[[ GIVEN DATA, beginning ]]
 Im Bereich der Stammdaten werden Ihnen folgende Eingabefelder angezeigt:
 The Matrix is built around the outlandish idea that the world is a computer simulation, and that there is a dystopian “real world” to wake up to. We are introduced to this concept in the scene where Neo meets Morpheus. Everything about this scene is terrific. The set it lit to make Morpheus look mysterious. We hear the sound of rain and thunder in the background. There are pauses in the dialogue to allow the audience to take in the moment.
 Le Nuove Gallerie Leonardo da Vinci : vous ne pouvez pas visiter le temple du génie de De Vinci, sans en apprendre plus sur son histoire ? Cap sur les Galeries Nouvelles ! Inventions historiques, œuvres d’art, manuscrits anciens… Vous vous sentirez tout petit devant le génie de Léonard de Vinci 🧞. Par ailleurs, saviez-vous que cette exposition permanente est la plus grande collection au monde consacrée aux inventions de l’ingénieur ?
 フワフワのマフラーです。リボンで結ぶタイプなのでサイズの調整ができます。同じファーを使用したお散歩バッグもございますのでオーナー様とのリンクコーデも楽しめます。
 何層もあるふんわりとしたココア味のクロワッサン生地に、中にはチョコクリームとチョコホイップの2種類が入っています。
[[ GIVEN DATA, end ]]
● EXERCISE REQUIREMENTS: Give an exact copy of the lines from the one with "The Matrix is" through the end of the entries, both ends included.

● ANSWER SPACE:
 The Matrix is built around the outlandish idea that the world is a computer simulation, and that there is a dystopian “real world” to wake up to. We are introduced to this concept in the scene where Neo meets Morpheus. Everything about this scene is terrific. The set it lit to make Morpheus look mysterious. We hear the sound of rain and thunder in the background. There are pauses in the dialogue to allow the audience to take in the moment.
 Le Nuove Gallerie Leonardo da Vinci : vous ne pouvez pas visiter le temple du génie de De Vinci, sans en apprendre plus sur son histoire ? Cap sur les Galeries Nouvelles ! Inventions historiques, œuvres d’art, manuscrits anciens… Vous vous sentirez tout petit devant le génie de Léonard de Vinci 🧞. Par ailleurs, saviez-vous que cette exposition permanente est la plus grande collection au monde consacrée aux inventions de l’ingénieur ?
 フワフワのマフラーです。リボンで結ぶタイプなのでサイズの調整ができます。同じファーを使用したお散歩バッグもございますのでオーナー様とのリンクコーデも楽しめます。
 何層もあるふんわりとしたココア味のクロワッサン生地に、中にはチョコクリームとチョコホイップの2種類が入っています。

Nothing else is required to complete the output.